> **Dataset records**:
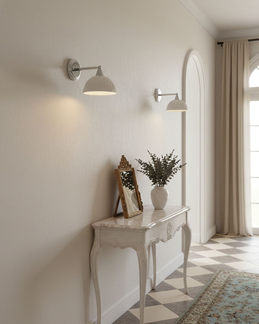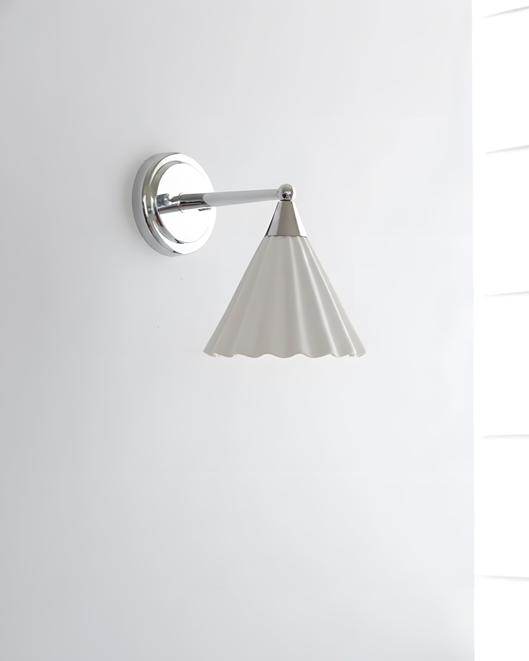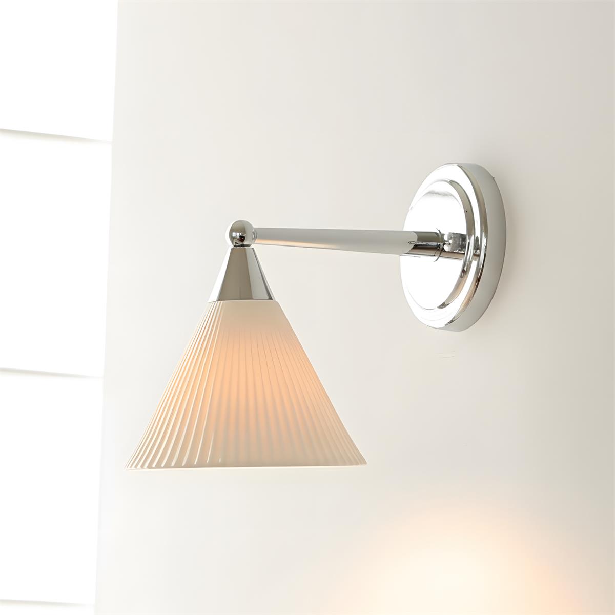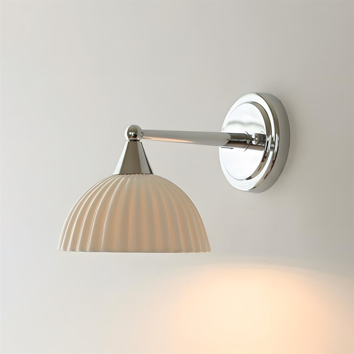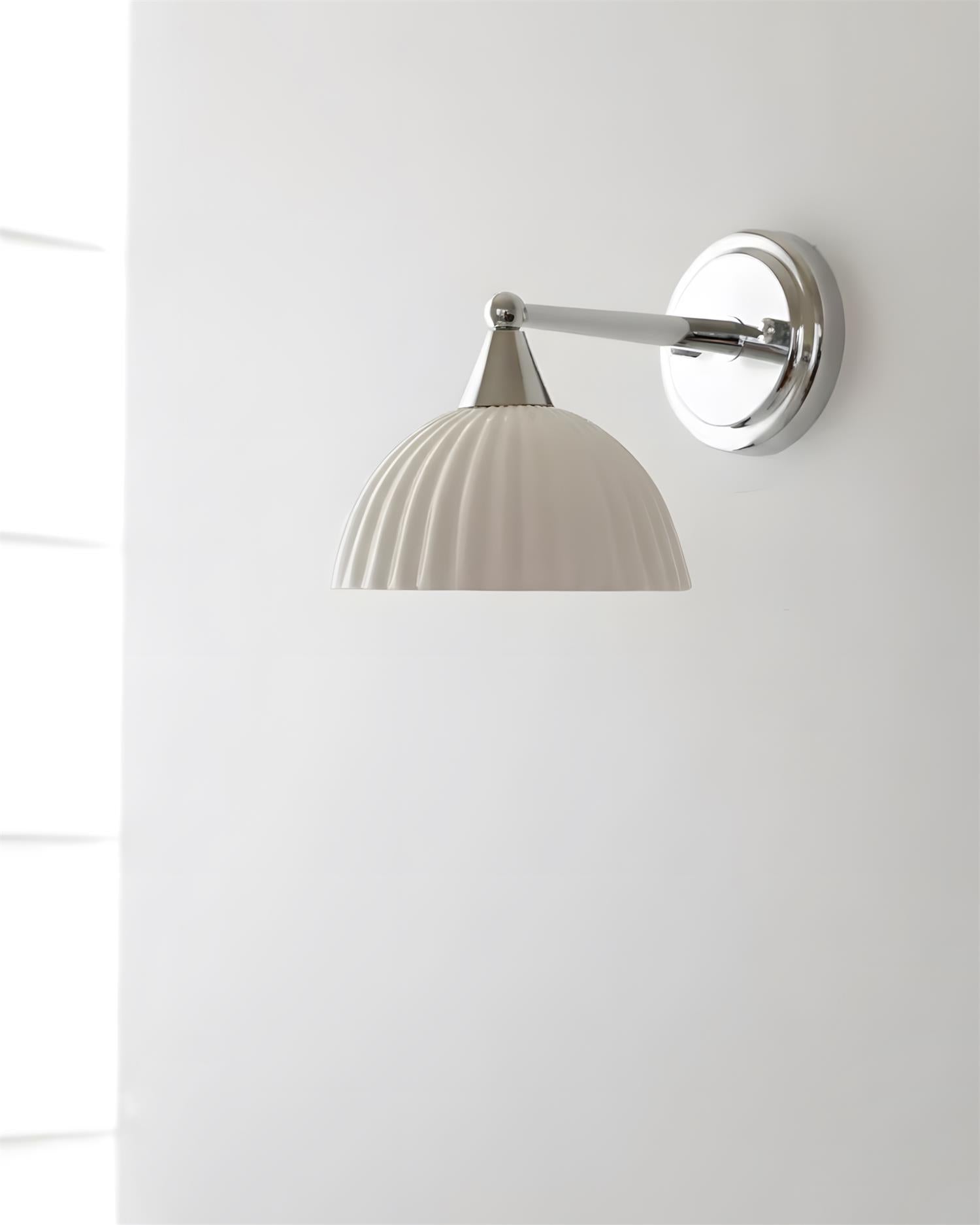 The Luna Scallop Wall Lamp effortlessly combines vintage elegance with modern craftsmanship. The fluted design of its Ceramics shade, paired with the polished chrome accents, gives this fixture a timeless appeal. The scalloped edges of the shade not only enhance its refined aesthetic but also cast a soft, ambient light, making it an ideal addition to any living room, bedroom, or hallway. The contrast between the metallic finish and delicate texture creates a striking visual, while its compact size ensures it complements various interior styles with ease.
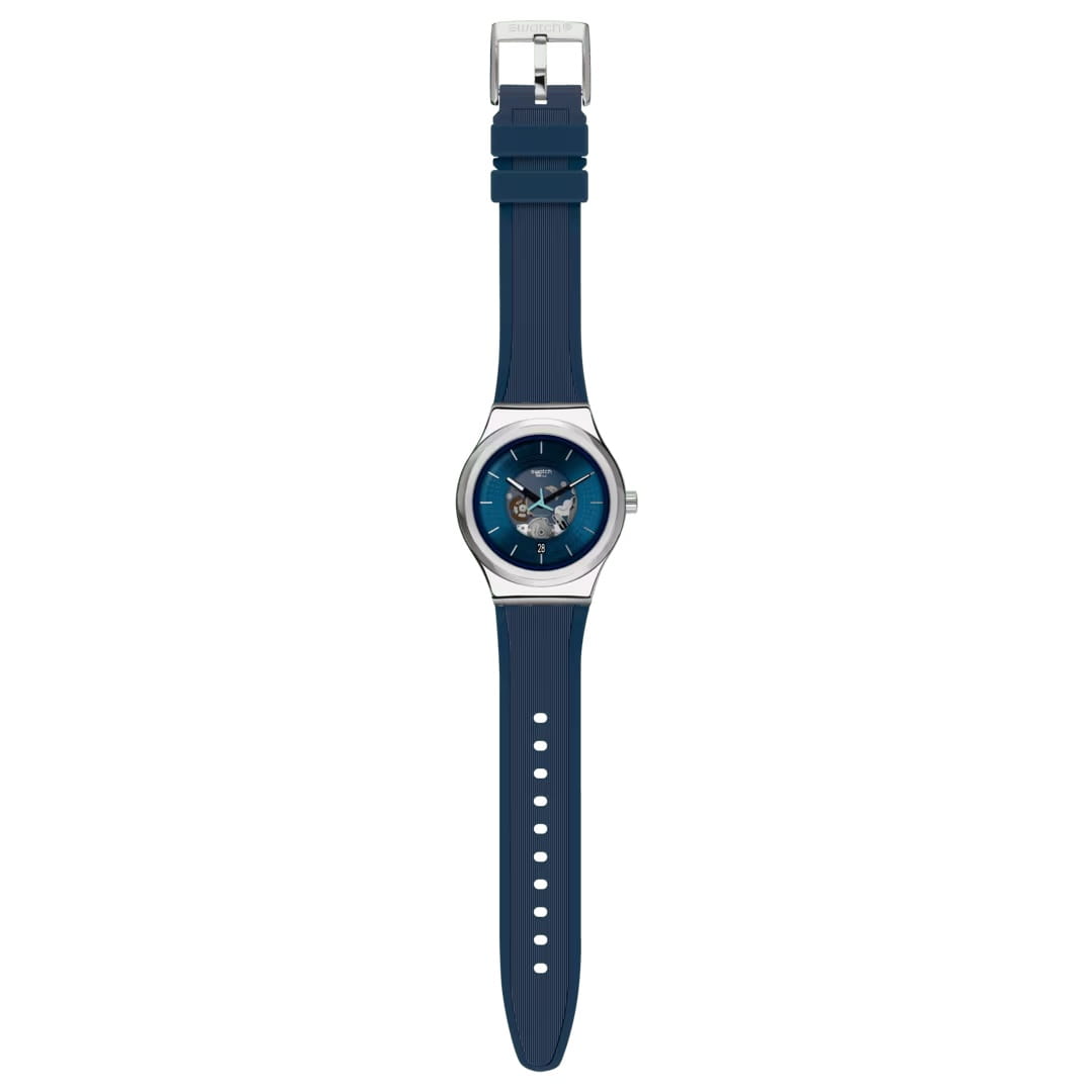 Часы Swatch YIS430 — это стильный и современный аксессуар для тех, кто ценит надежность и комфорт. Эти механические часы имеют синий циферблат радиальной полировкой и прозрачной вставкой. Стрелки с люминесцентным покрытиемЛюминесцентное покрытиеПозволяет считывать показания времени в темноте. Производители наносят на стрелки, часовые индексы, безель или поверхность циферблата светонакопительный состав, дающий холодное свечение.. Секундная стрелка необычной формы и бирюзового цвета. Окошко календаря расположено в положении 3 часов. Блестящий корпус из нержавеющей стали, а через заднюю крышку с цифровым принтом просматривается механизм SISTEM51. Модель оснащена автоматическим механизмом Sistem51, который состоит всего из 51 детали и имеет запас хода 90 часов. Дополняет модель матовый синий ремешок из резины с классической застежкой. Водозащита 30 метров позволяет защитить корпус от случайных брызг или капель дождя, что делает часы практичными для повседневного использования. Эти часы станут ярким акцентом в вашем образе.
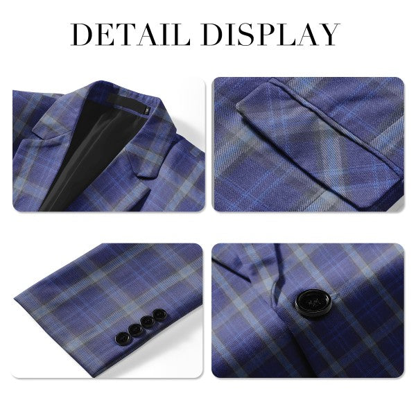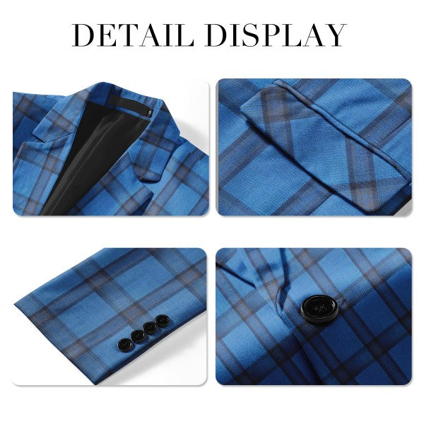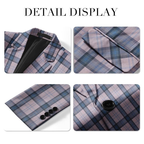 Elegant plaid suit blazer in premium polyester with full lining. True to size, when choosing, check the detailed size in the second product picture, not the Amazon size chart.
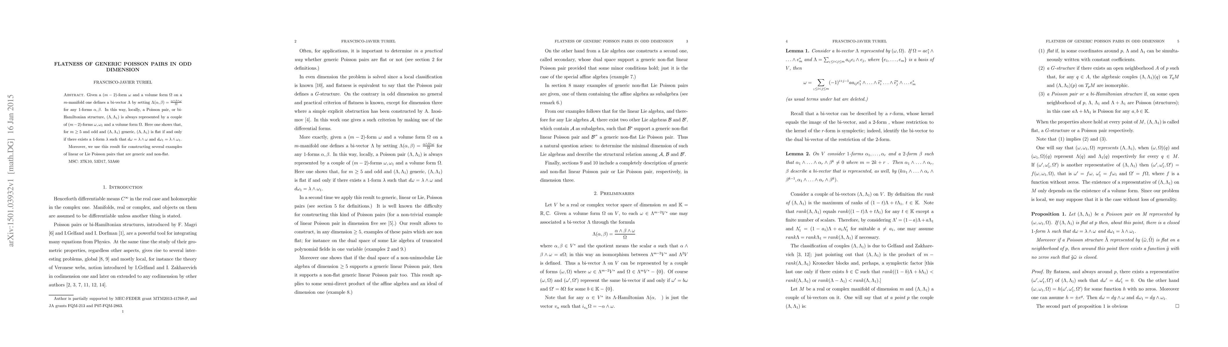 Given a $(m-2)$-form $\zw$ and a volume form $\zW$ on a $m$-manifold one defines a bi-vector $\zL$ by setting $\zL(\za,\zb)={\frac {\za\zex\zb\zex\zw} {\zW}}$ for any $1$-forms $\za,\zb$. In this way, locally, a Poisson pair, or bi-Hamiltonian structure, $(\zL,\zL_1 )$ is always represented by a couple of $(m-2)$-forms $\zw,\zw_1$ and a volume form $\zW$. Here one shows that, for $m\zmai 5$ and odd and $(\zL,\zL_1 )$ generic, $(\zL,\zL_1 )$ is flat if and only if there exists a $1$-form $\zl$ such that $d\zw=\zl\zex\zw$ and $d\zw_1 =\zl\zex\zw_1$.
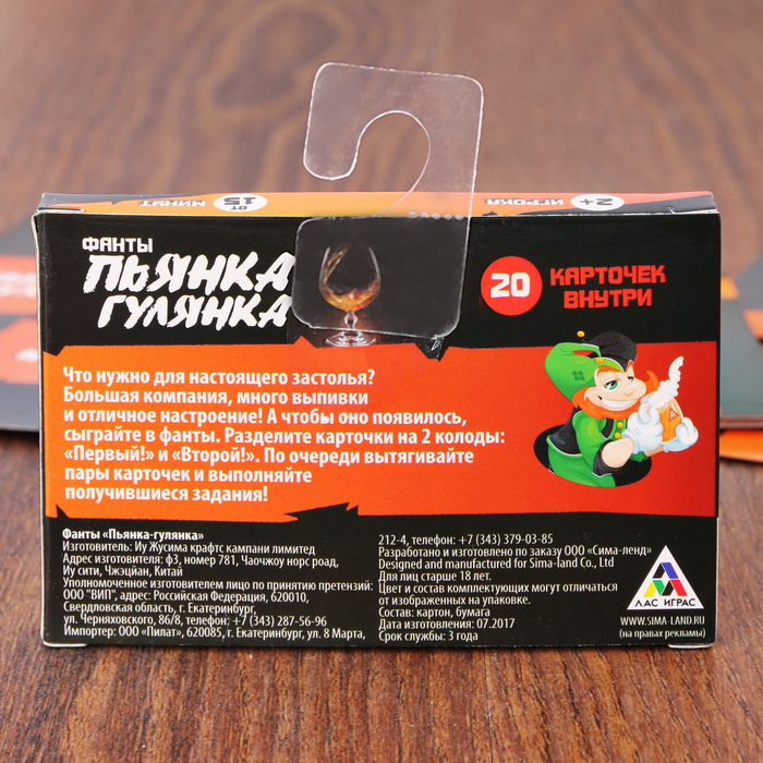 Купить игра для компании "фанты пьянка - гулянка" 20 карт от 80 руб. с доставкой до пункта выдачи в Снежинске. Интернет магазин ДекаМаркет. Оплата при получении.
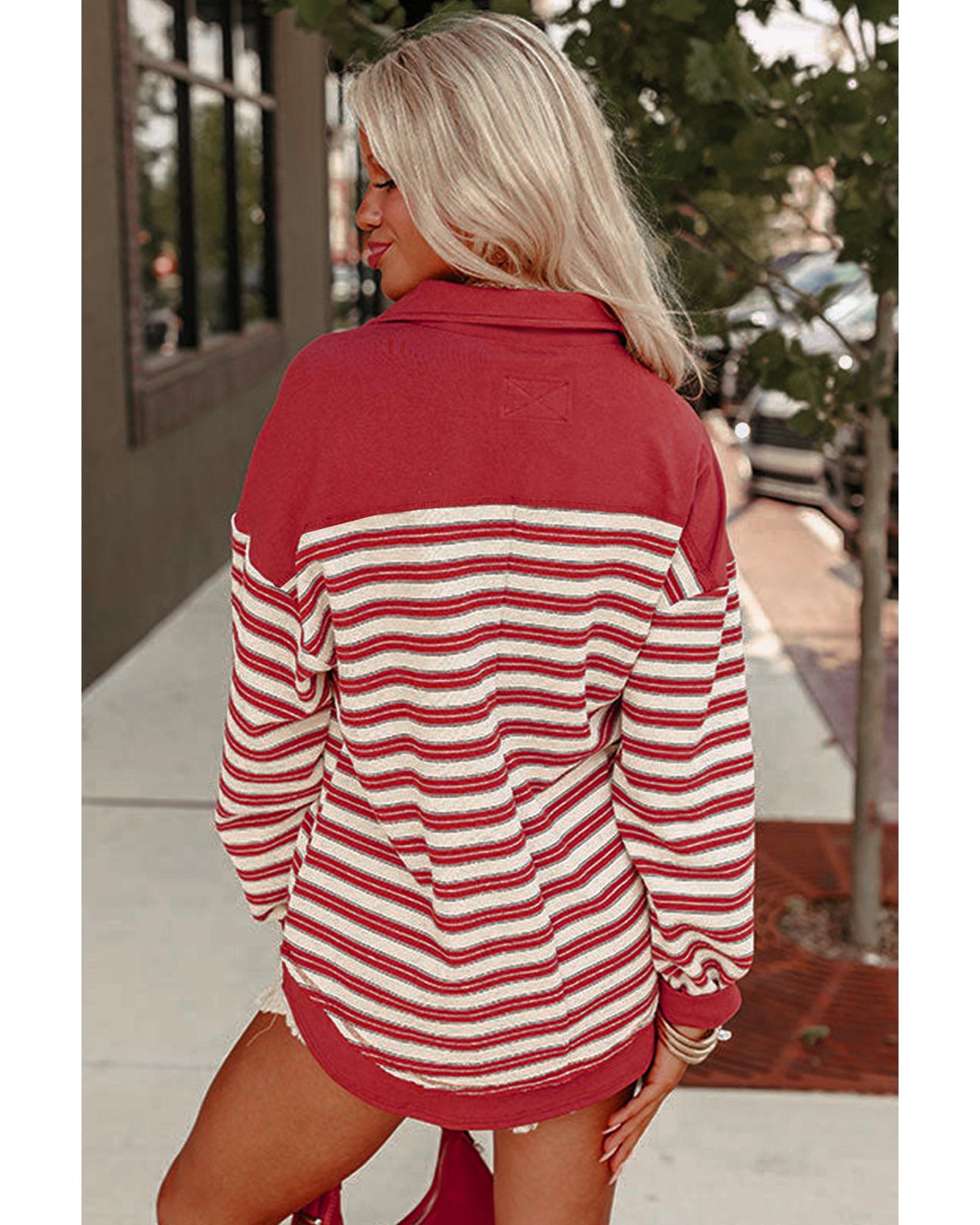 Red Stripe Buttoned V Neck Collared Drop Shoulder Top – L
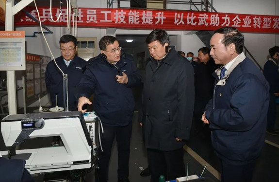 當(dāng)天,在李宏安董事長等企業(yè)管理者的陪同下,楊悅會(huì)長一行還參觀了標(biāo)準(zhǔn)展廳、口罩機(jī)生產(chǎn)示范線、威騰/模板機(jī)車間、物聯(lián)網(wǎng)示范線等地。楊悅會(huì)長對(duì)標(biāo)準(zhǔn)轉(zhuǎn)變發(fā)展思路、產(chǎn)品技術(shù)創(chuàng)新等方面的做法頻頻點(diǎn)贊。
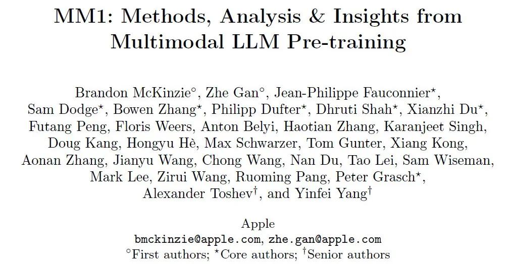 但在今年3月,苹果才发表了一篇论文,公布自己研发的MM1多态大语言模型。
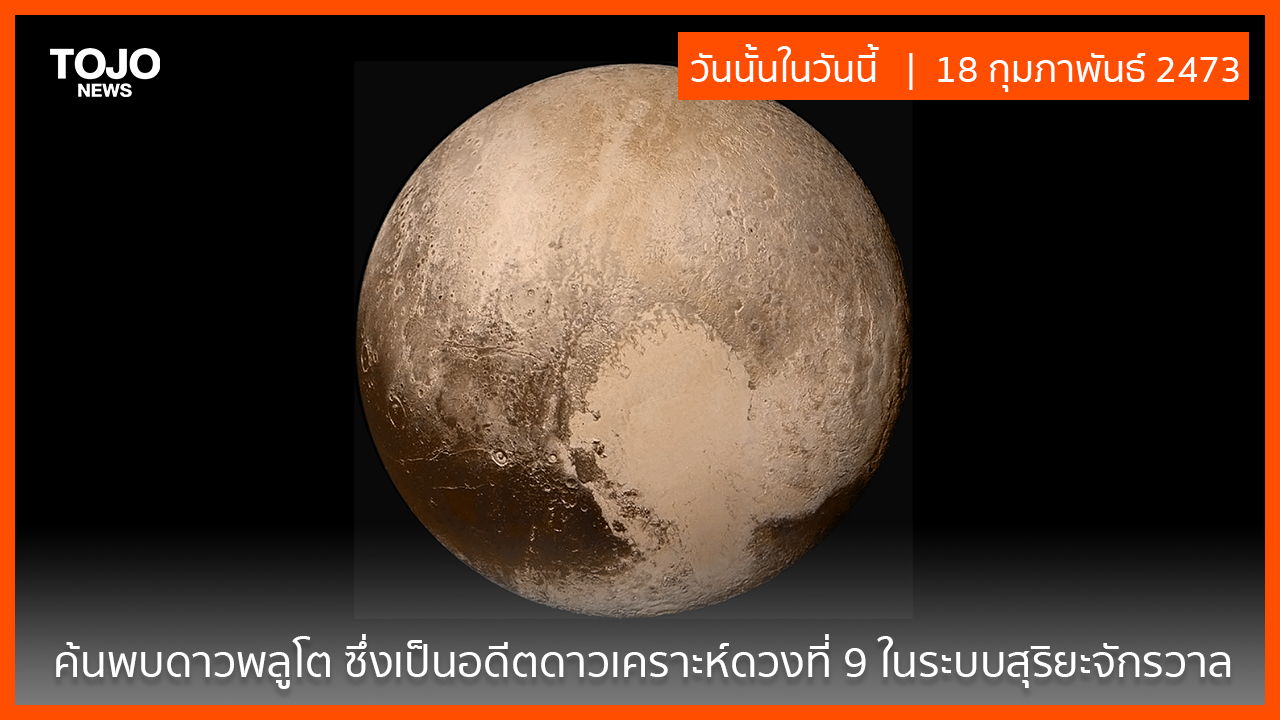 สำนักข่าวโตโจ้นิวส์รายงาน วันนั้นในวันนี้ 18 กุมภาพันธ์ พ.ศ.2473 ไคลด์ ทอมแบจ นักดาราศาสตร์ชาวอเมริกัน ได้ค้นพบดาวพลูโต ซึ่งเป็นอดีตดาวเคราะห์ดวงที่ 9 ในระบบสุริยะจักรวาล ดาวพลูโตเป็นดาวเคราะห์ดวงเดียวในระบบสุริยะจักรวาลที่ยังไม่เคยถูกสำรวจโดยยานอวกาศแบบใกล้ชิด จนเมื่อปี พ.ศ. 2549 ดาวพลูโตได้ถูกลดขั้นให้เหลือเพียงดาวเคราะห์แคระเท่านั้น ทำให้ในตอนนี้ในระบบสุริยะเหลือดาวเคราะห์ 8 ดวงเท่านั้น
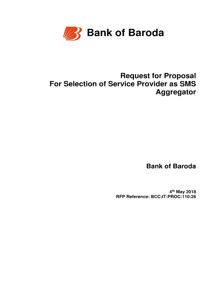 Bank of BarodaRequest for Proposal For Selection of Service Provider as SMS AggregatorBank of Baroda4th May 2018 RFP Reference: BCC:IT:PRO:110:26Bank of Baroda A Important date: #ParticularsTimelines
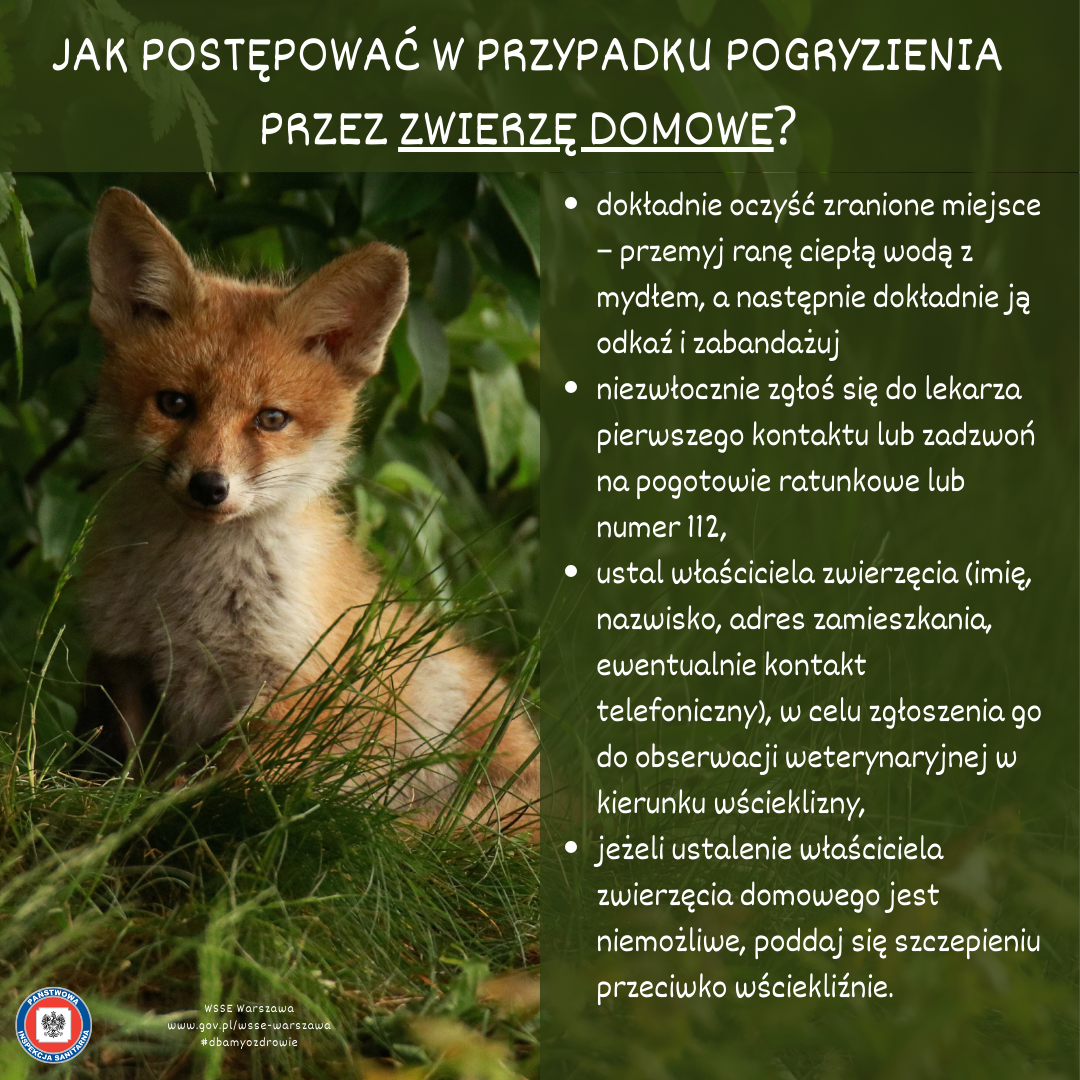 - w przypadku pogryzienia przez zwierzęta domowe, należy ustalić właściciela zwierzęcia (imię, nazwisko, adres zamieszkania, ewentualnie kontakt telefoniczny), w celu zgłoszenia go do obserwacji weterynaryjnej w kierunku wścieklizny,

> **What the task asks**:
In the listing above, find the line with "當(dāng)天,在李宏安董" and output every line through the one with "但在今年3月,苹果才发表了一篇论文,公布自己研发的MM1多态大语言模型。", exactly, without the pictures.

> **Answer space**:
 當(dāng)天,在李宏安董事長等企業(yè)管理者的陪同下,楊悅會(huì)長一行還參觀了標(biāo)準(zhǔn)展廳、口罩機(jī)生產(chǎn)示范線、威騰/模板機(jī)車間、物聯(lián)網(wǎng)示范線等地。楊悅會(huì)長對(duì)標(biāo)準(zhǔn)轉(zhuǎn)變發(fā)展思路、產(chǎn)品技術(shù)創(chuàng)新等方面的做法頻頻點(diǎn)贊。
 但在今年3月,苹果才发表了一篇论文,公布自己研发的MM1多态大语言模型。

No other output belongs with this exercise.